Revumenib Demonstrates Activity in Pediatric Patients With KMT2A+ Acute Leukemia

Revumenib (SYNDX-5613) demonstrated similar safety and efficacy in pediatric patients with KMT2A-rearranged acute leukemia to that observed in adult patients, according to data from the phase 2 AUGMENT-101 study (NCT04065399) presented during the 2024 American Society of Pediatric Hematology/Oncology.¹

In pediatric patients who comprised the interim analysis efficacy population (n = 13), revumenib induced a complete remission (CR)+CR with partial hematologic recovery (CRh) rate of 23% (95% CI, 5.0%-53.8%) at a data cutoff date of July 24, 2023. In the aggregate population of adults and children (n = 57), the CR+CRh rate was 22.8% (95% CI, 12.7%-35.8%; 1-sided P = .0036), which met the primary end point of the study.

Additional data in the pediatric population revealed that the agent induced a composite CR (CRc) rate of 38.5% (95% CI, 13.9%-68.4%). Moreover, the objective response rate (ORR) achieved with the agent was 46% in this population. Best responses included CR (8%), CRh (15%), CR with incomplete hematologic recovery (8%), CR with incomplete platelet recovery (CRp; 8%), morphological leukemia-free state (MLFS; 8%), disease progression (23%), or other (8%); 3 patients did not respond to treatment.

“AUGMENT-101 met its primary efficacy end point in an aggregate population of adults and children with relapsed/refractory KMT2A-rearranged acute leukemia, validating phase 1 results,” C. Michel Zwaan, MD, PhD, a professor of pediatric oncology at Erasmus MC Rotterdam and the Princess Máxima Center in Utrecht, Netherlands, said in a plenary presentation during the meeting. “The majority of responding children, 67%, were able to proceed to transplant, with 2 resuming revumenib maintenance post transplant. The safety profile [of the agent] in children was manageable and consistent with [the] safety profile [observed] in adults.”

Pediatric patients with KMT2A-rearranged acute leukemia experience poor outcomes, and no targeted agents have been approved for this disease. The interaction between menin and KMT2A drives leukemogenesis, but treatment with revumenib disrupts that interaction, according to Zwaan. “By treating the patient with revumenib, the gene transcription signal is off, and this leads to differentiation of leukemia as well as apoptosis of leukemic cells,” he explained.

Data from the phase 1 portion of the trial showed that revumenib elicited responses in patients with relapsed or refractory KMT2A-rearranged and NPM1-mutated acute leukemia, and 67% of those who responded to treatment went on to undergo transplant.² The agent was also found to have acceptable safety and tolerability. “Moreover, on this trial, children were included, and preliminary antileukemic activity was noted [in them],” Zwaan said. Because revumenib is a substrate of CYP384, two dosages were established – one with and one without a CYP384 inhibitor, he added.

The study enrolled patients with relapsed or refractory acute leukemia who were at least 30 days old and harbored KMT2A rearrangements or NMP1 mutations. Patients received revumenib at the recommended phase 2 dose (RP2D) plus a strong CYP384 inhibitor in 28-day cycles. If their body weight was under 40 kg, the RP2D was 95 mg/m2; if 40 kg or over, they received revumenib at a flat dose of 163 mg. The drug could be given as capsules or an oral solution.

The primary end points of the study were CR+CRh rate and safety. Important secondary end points included CRc and ORR.

A planned interim analysis of patients with KMT2A-rearranged acute leukemia was conducted. The cohort of patients with NPM1-mutated acute myeloid leukemia (AML) is still enrolling, according to Zwaan.

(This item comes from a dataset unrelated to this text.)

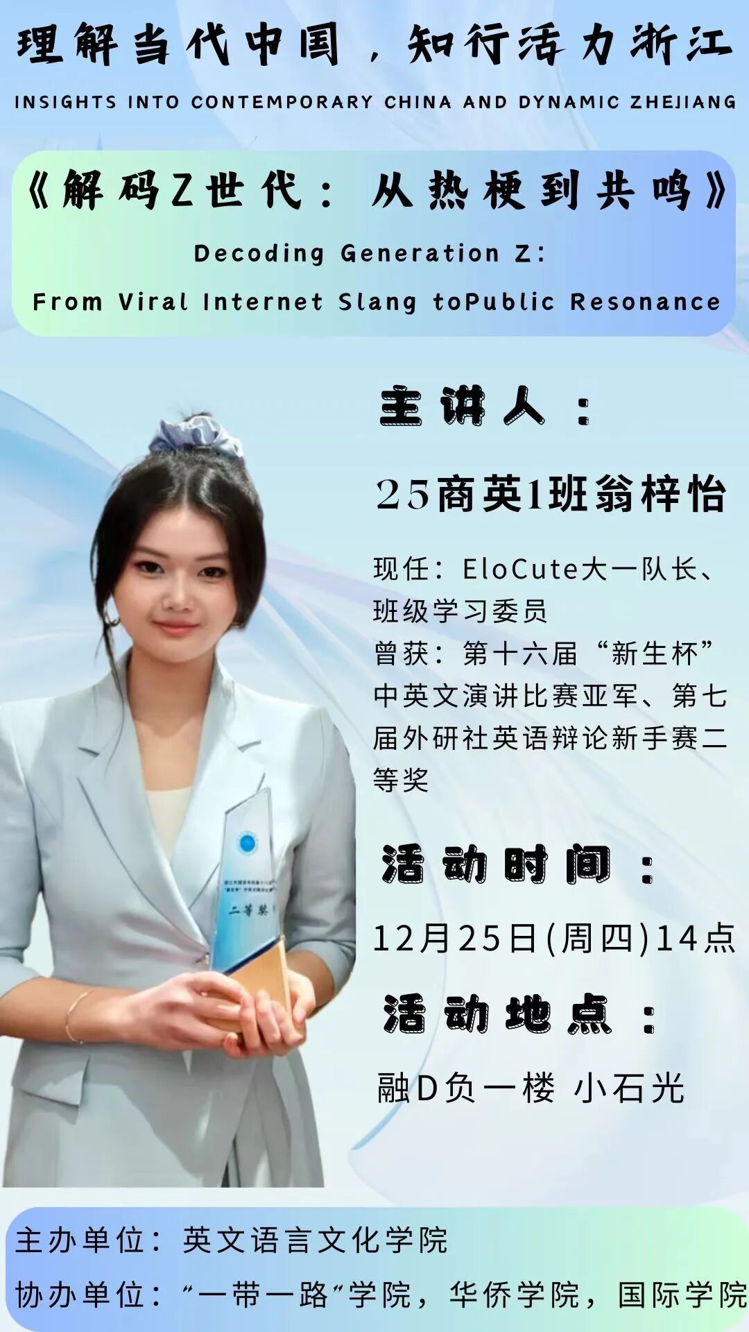 为弘扬“闻道中华,语美天下”的浙外精神,助力青年学生深入理解当代中国,知行活力浙江,讲好中国故事、浙江故事,传播好中国声音、浙江声音,英文学院将继续在校园小石光开展“跨文化交际时光”系列活动。

In the efficacy population (n = 13), the median patient age was 5.0 years (range, 1.3-17.0); 23% of patients were under 2 years, 54% were at least 2 years but younger than 12 years, and 23% were at least 12 years but younger than 18 years. Forty-six percent of patients were female and 69% were White. Regarding type of leukemia, 85% had AML and 15% had acute lymphoblastic leukemia. At baseline, 38% of patients had primary refractory disease, 38% had refractory relapsed disease, and 23% had early untreated relapsed disease.

Patients had received a median of 4 prior lines of therapy, with a range of 1 to 11 lines. Notably, 54% of patients had received 3 or more lines of prior treatment. More than half of patients had prior exposure to venetoclax (Venclexta; 62%) and 15% previously received CAR T-cell therapy. Forty-six percent of patients previously underwent hematopoietic stem cell transplant (HSCT), with 15% of those patients having received more than 1 prior transplant.

Additional efficacy data showed that in those who had negative minimal residual disease status by flow cytometry, 2 of 3 patients achieved a CR+CRh and 3 of 5 patients achieved a CRc. Moreover, in all evaluable patients, the median overall survival was 6.9 months (95% CI, 2.3-not reached).

The median time to CR+CRh was 2.27 months (range, 1.0-3.9). Among responders (n = 6), 67% proceeded to HSCT, 50% proceeded to transplant in CR or CRh, and 50% proceeded to transplant in MLFS or CRp. Half of these patients restarted revumenib after HSCT.

In the 23 patients who were evaluable for safety, the adverse effects (AEs) of special interest included grade 2 or higher differentiation syndrome and grade 2 or higher QTc prolongation, and they occurred in 35% and 4% of patients, respectively. Treatment-related AEs that were grade 3 or higher in severity and occurred in at least 10% of patients included febrile neutropenia (13%) and decreased neutrophil count (13%).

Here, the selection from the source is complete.